§ MATERIAL PROVIDED:
---------------

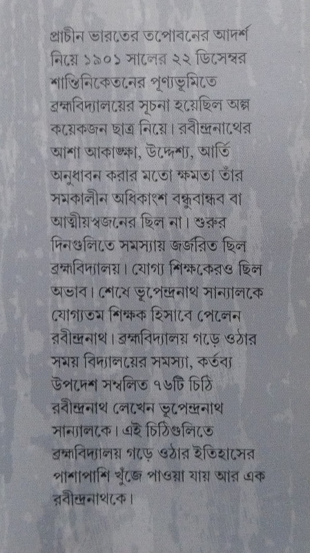 প্রাচীন ভারতের তপোবনের আদর্শ নিয়ে ১৯০১ সালের ২২ ডিসেম্বর শান্তিনিকেতনের পূণ্যভূমিতে ব্রহ্মবিদ্যালয়ের সূচনা হয়েছিল অল্প কয়েকজন ছাত্র নিয়ে। রবীন্দ্রনাথের আশা আকাঙ্ক্ষা, উদ্দেশ্য, আর্তি অনুধাবন করার মতো ক্ষমতা তাঁর সমকালীন অধিকাংশ বন্ধুবান্ধব বা আত্মীয়স্বজনের ছিল না। শুরুর দিনগুলিতে সমস্যায় জর্জরিত ছিল ব্রহ্মবিদ্যালয়। যোগ্য শিক্ষকেরও ছিল অভাব। শেষে ভূপেন্দ্রনাথ সান্যালকে যোগ্যতম শিক্ষক হিসাবে পেলেন রবীন্দ্রনাথ। ব্রহ্মবিদ্যালয় গড়ে ওঠার সময় বিদ্যালয়ের সমস্যা, কর্তব্য উপদেশ সম্বলিত ৭৬টি চিঠি রবীন্দ্রনাথ লেখেন ভূপেন্দ্রনাথ সান্যালকে। এই চিঠিগুলিতে ব্রহ্মবিদ্যালয় গড়ে ওঠার ইতিহাসের পাশাপাশি খুঁজে পাওয়া যায় আর এক রবীন্দ্রনাথকে।
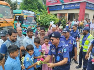 সীতাকুণ্ডের ফৌজদারহাটে শিক্ষার্থীদের হাতে ফুল তুলে দিয়ে ট্রাফিক পুলিশের কার্যক্রম শুরু করা হয়েছে।
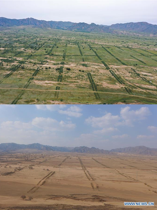 Combo photo shows an area near the Xar Moron River in Hexigten Banner, north China's Inner Mongolia Autonomous Region, after the desertification control work on Aug. 12, 2020 (top, Xinhua/Xu Qin), and before the desertification control work on April 5, 2017 (Xinhua).
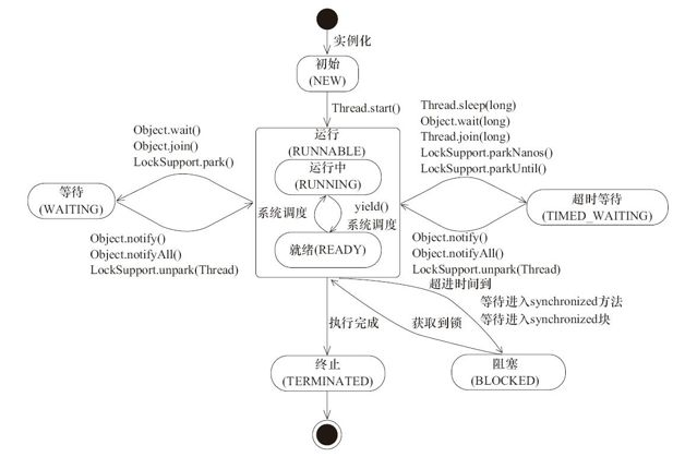 线程并不会一直处于某一种状态下,会随着程序的运行而在几种状态中来回切换。我在《Java并发编程的艺术》中找了一张图:

---------------

§ PROMPT:
Apart from the images, every line above needs to be printed again exactly.

§ ANSWER BOX:
 প্রাচীন ভারতের তপোবনের আদর্শ নিয়ে ১৯০১ সালের ২২ ডিসেম্বর শান্তিনিকেতনের পূণ্যভূমিতে ব্রহ্মবিদ্যালয়ের সূচনা হয়েছিল অল্প কয়েকজন ছাত্র নিয়ে। রবীন্দ্রনাথের আশা আকাঙ্ক্ষা, উদ্দেশ্য, আর্তি অনুধাবন করার মতো ক্ষমতা তাঁর সমকালীন অধিকাংশ বন্ধুবান্ধব বা আত্মীয়স্বজনের ছিল না। শুরুর দিনগুলিতে সমস্যায় জর্জরিত ছিল ব্রহ্মবিদ্যালয়। যোগ্য শিক্ষকেরও ছিল অভাব। শেষে ভূপেন্দ্রনাথ সান্যালকে যোগ্যতম শিক্ষক হিসাবে পেলেন রবীন্দ্রনাথ। ব্রহ্মবিদ্যালয় গড়ে ওঠার সময় বিদ্যালয়ের সমস্যা, কর্তব্য উপদেশ সম্বলিত ৭৬টি চিঠি রবীন্দ্রনাথ লেখেন ভূপেন্দ্রনাথ সান্যালকে। এই চিঠিগুলিতে ব্রহ্মবিদ্যালয় গড়ে ওঠার ইতিহাসের পাশাপাশি খুঁজে পাওয়া যায় আর এক রবীন্দ্রনাথকে।
 সীতাকুণ্ডের ফৌজদারহাটে শিক্ষার্থীদের হাতে ফুল তুলে দিয়ে ট্রাফিক পুলিশের কার্যক্রম শুরু করা হয়েছে।
 Combo photo shows an area near the Xar Moron River in Hexigten Banner, north China's Inner Mongolia Autonomous Region, after the desertification control work on Aug. 12, 2020 (top, Xinhua/Xu Qin), and before the desertification control work on April 5, 2017 (Xinhua).
 线程并不会一直处于某一种状态下,会随着程序的运行而在几种状态中来回切换。我在《Java并发编程的艺术》中找了一张图:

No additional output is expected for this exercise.